It might have seemed to the casual observer (and there probably was no other observer of Leone's career in 1962 that could be described as anything other than casual) that he was lining up to become a footnote in film history as a solid, if none-too-distinct director of the kind of biblical/historical epics that had already peaked in popularity. Those epics would give way, as would big-budget formula pictures such as the musical and, significantly, the western, to the influences of the French new wave that would help to virtually dismantle the Hollywood studio system and produce audacious, revolutionary and reflective films like Bonnie and Clyde and The Wild Bunch. But instead of shuffling off into a career of comfortable craftsmanship and relative obscurity, Leone decided that, for his sophomore directorial effort, he would see if anyone noticed while he shamelessly ripped off Akira Kurosawa and his 1961 film Yojimbo (whose own roots were tangled up with Dashiell Hammett’s Red Harvest and perhaps even an 18th-century farce entitled A Servant and Two Masters by Carlo Goldoni).
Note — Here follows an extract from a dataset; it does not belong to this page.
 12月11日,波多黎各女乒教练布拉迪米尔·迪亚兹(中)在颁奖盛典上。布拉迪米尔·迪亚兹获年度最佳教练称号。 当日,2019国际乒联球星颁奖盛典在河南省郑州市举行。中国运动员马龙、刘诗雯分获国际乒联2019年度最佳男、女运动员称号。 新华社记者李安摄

Leone imagined casting Henry Fonda, James Coburn (who once claimed Leone’s script was the worst he’d ever read), Coburn’s Magnificent Seven and Great Escape costar Charles Bronson, and even Calhoun, in the lead role of a drifter gunman, never identified by name, who plays two warring families against each other in a dusty town located near the Texas-Mexican border. But none of the Hollywood veterans were either available or could be convinced to come to Italy for what Leone was willing to pay. Instead, Leone reluctantly hired a TV cowboy named Clint Eastwood, who was on vacation from his American series Rawhide and who figured that, though making the movie was a good way to spend his off time learning about filmmaking, no one would ever see it. The movie was not the first instance of what would come to be known as the spaghetti western, but Leone’s Yojimbo riff, titled A Fistful of Dollars (1964), was the first of the Italian westerns to become an international hit.
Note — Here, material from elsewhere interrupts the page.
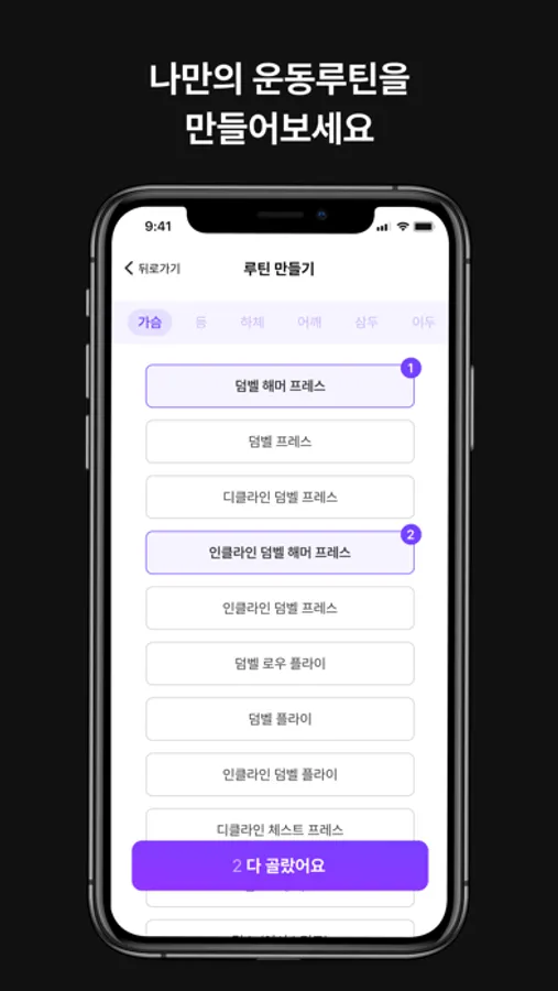 - 자신만의 운동 루틴을 만들고 운동 후 달력에 매일 기록을 남길 수 있습니다.

Dollars wasn't released in the United States until 1967. In the meantime, Leone had coaxed Eastwood back for a sequel, For a Few Dollars More (1965), and the capper of what would become known as the Dollars Trilogy, The Good, the Bad and the Ugly (1966). When the first two Dollars films became unqualified hits in the States, The Good, the Bad and the Ugly was already waiting in the wings, and by the time it finally saw the light of American projectors in 1968, the Eastwood/Leone phenomenon was at full throttle.
These violent, amoral fables were spun from the contrast between Leone’s operatic, mercilessly astringent, self-conscious style and the morally ambiguous calm of Eastwood’s Man with No Name, who erupts into unexpected action as suddenly as Leone might swing the visual pendulum from a deep-focus long view of a stark, empty plain to a startling, Techniscope frame-filling close-up of a glowering, weather-beaten thug in the same shot. And their caustic reconsideration and recasting of the myths and behavioral codes of the Western coincided with the fast fading at the box office of that most American of film genres in the very country of its origin, as well as the reconsideration of many societal roles and assumptions by the younger generation that was just coming of age and becoming aware of the artistic possibilities of film.
During this period (1962-1974), the films of Sam Peckinpah (Ride the High Country, Major Dundee, The Wild Bunch, The Ballad of Cable Hogue and Pat Garrett and Billy the Kid) and Robert Aldrich (Ulzana’s Raid) were probably the most telling of the American westerns, in terms of the tension between the times they depicted, the times in which they were made (and how the tensions of those differing times frequently overlapped), as well as their directors’ fevered ambitions and demons as artists. But the Italian Leone brought a revisionist daydreamer's sense of spectacle, and a delirium-spiked nihilism, to his westerns that was far more harsh and critical of American mythology than even Peckinpah at his most agonized and circumspect (The Wild Bunch) or Aldrich at his most bitter (Ulzana’s Raid). By the time he attempted to sum up his contrasting, all-consuming feelings about the form in Once Upon a Time in the West (1969), he had added a cold-eyed, ambivalent romanticism about the creation of the American West, borne of his rampant movie love, to the harsh worldview of the Dollars films, which served to enrich and expand his otherwise withering critiques of capitalist institutions of power, human nature and the bitter price of revenge.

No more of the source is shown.